It would be divine, beautiful and glorious and bloody.

One Auphe stood free, and smiled at me. There was a very familiar copper-and-onyx crown upon its head, resting softly over the silk-fine white hair, the brother to the one Hob still wore. The Auphe reached up and touched bloodied claws to the circlet. The tarnished silver glimmer of a gate flickered over copper and stone.

A weight settled on my own head.

I reached up, and touched the Calabassa.

It burned hot under my bloodied fingers.

Hob's slow death was certain, but there was one thing that I needed more than that.

One thing more. One single living soul that was my life.

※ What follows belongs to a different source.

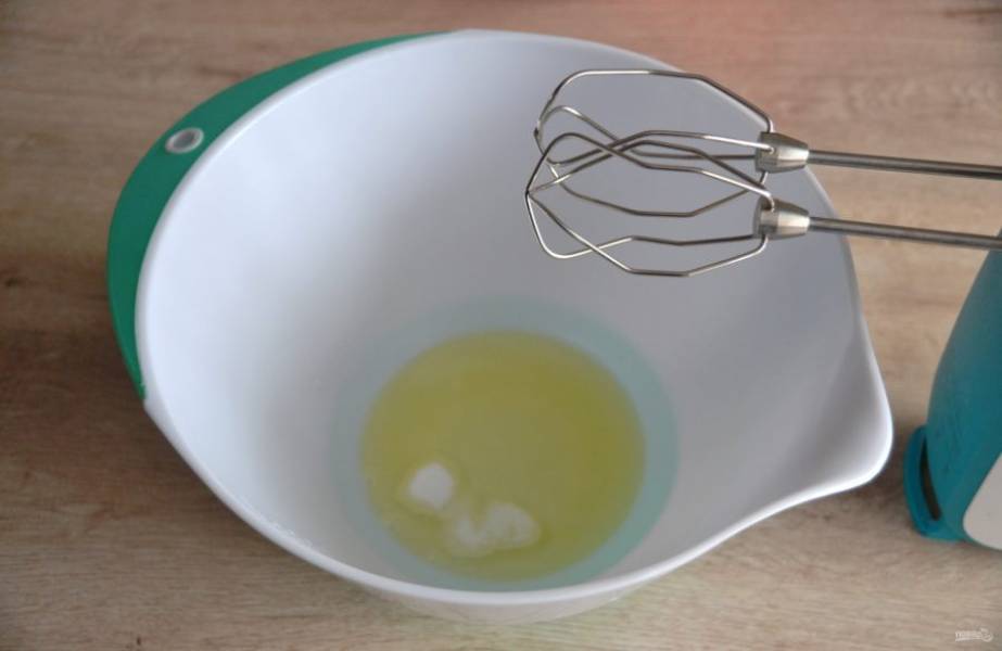 Добавьте к белкам 1 ч.л. соли, взбейте в пышную массу.

I turned and stepped through my own gate, letting it close behind me. Hob's screams still rang in my ears, beautiful and horrible at once.

Robin and George stood there, waiting, awe and terror writ large on their faces. The air here was thicker and for a moment I could only breathe, staring back at them. Blood and the taste of life. I came back to them as a prince crowned, but the smile was gone and the fevered madness of the hunt was leaving me. I was Auphe, but right now, I was human too, and there was a bone-deep weariness growing in me. The hunt had burned me up from the inside out, and I had very little left to give. Very little, and I would give it all to the one I needed most.

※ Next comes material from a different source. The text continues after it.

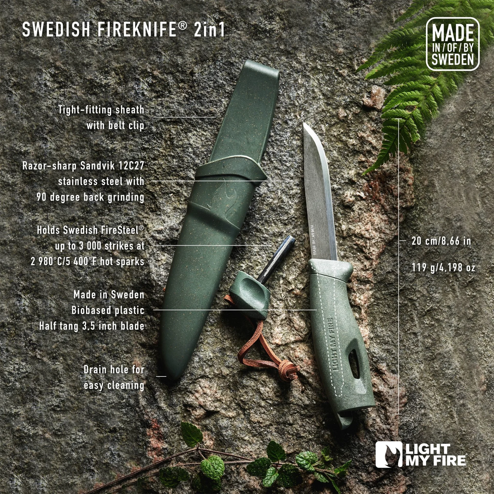 - Allwettertauglicher schwedischer FireSteel: bis zu 3000 Zündschläge bei 3000°C

I crossed the floor and reached up to Niko. I was too short, too tired, and too frail to bring him down on my own. Robin made a noise and moved to help, reaching up and wrapping his strong arms around my brother's body. I stared up at the chain links, then carefully opened a tiny gate. It severed the chains hungrily, and Robin grunted as he took Niko's full weight, bringing them both gently to the ground.

I stepped in and knelt beside them, reaching out to touch Niko's pale bruised face. Blank as a doll, he stared straight ahead; he was gone, no longer there. But I knew he could hear me, and that he'd be listening for me, and only me.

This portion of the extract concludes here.